翻訳ミステリー読者賞について
ミステリー小説のランキングには、年末恒例のものや翻訳ミステリー大賞などいろいろありますが、投票という形で参加できるのは一部の例外を除いて、ほとんどが作る側の人たち(作家、編集者、書評家)です。その一方で、2010年から翻訳ミステリー読書会が全国で開催されるようになりました。それにより、多くの一般読者たちが、大好きな翻訳ミステリーについて思う存分語ることのできる場所ができました。
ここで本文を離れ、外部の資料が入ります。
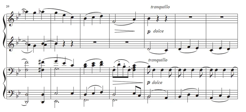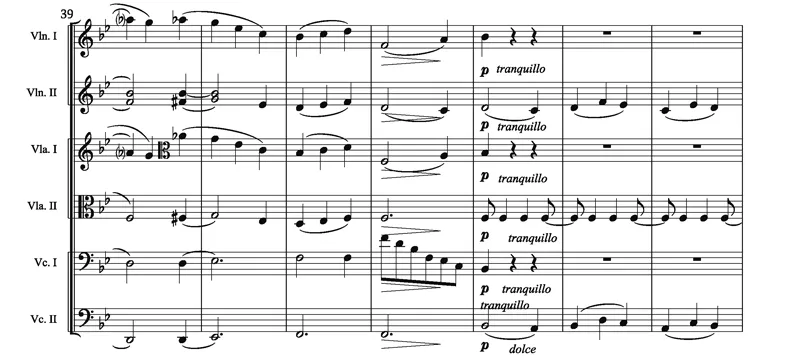 譜例2 第1楽章 第39小節~ 弦楽六重奏曲
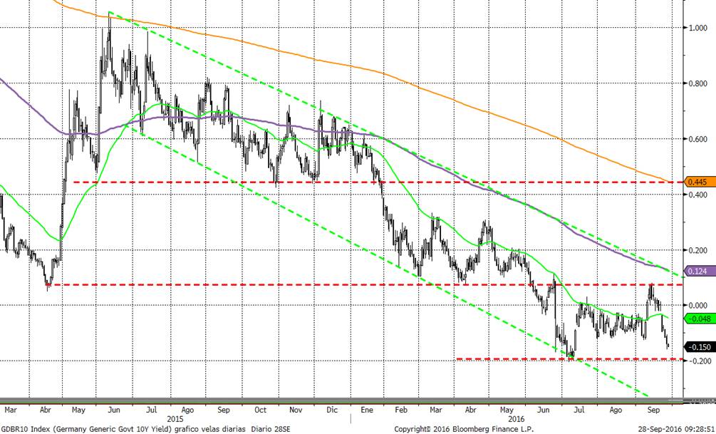 Si en el día de ayer comentábamos que los bancos no pierden oportunidad de demostrar que están inmersos en una tendencia bajista, hoy podemos observar que el precio de los bonos refleja justo lo contrario. Cualquier corrección en precio la aprovechan los inversores para comprar bonos. Hoy, de nuevo, tenemos la rentabilidad de los bonos alemanes en zona de mínimos históricos, alcanzando el bono a 10 años la rentabilidad del -0.15%. En el gráfico podemos ver que tras el intento fallido de superar la resistencia del 0.07%, las rentabilidades se han ido de nuevo a mínimos históricos, acercándose hoy al nivel de mínimos del Brexit en el -0.20%.

そして、毎年4月におこなわれる翻訳ミステリー大賞授賞式・コンベンションには、全国の読書会参加者が集まるようになり、地域の垣根を越えた、一般参加者同士の交流が始まりました。
このような状況で「読者が選ぶランキングがあってもいいじゃないか」という発想が出てこないほうがおかしいと思いませんか。思いますよね。こういうわけで、自分たちも投票して選びたいという読書会参加者有志が集まり、少しずつ準備を進め、2013年から翻訳ミステリー読者賞を開催しています。
読者賞は、発表の場こそ、翻訳ミステリー大賞の授賞式をお借りしている状況ですが、大賞と読者賞は選考方法も運営もまったく別になりますので、結果として大賞と読者賞が重なることもあります(第3回)。また、第2回のように、他のランキングでほとんど拾われることがなかった作品が、読者賞を授賞するというようなこともあります。こういうところに、作る側ではなく、読む側が選ぶ賞の醍醐味があると思っています。
また、読者賞は、読者のための賞ですから、これから興味を持って読み始めたいと思う人にも、有用なブックガイドになることを目指しています。全国のファンが選んだ作品たちは、その順位によらず、どの作品を手に取ってもおもしろいはずです。翻訳ミステリーに興味を持った人への道案内として、また、ファンの人には明日からの読書の目当てとして、自信を持ってオススメできるブックガイドができると自負しています。
今、これを見ているすべてのみなさんに投票の権利があります。ぜひ、あなたも読者賞に票を投じてください。あなたのオススメする作品を教えてください。翻訳ミステリー読者賞は、みなさんひとりひとりの協力で作られていくのです。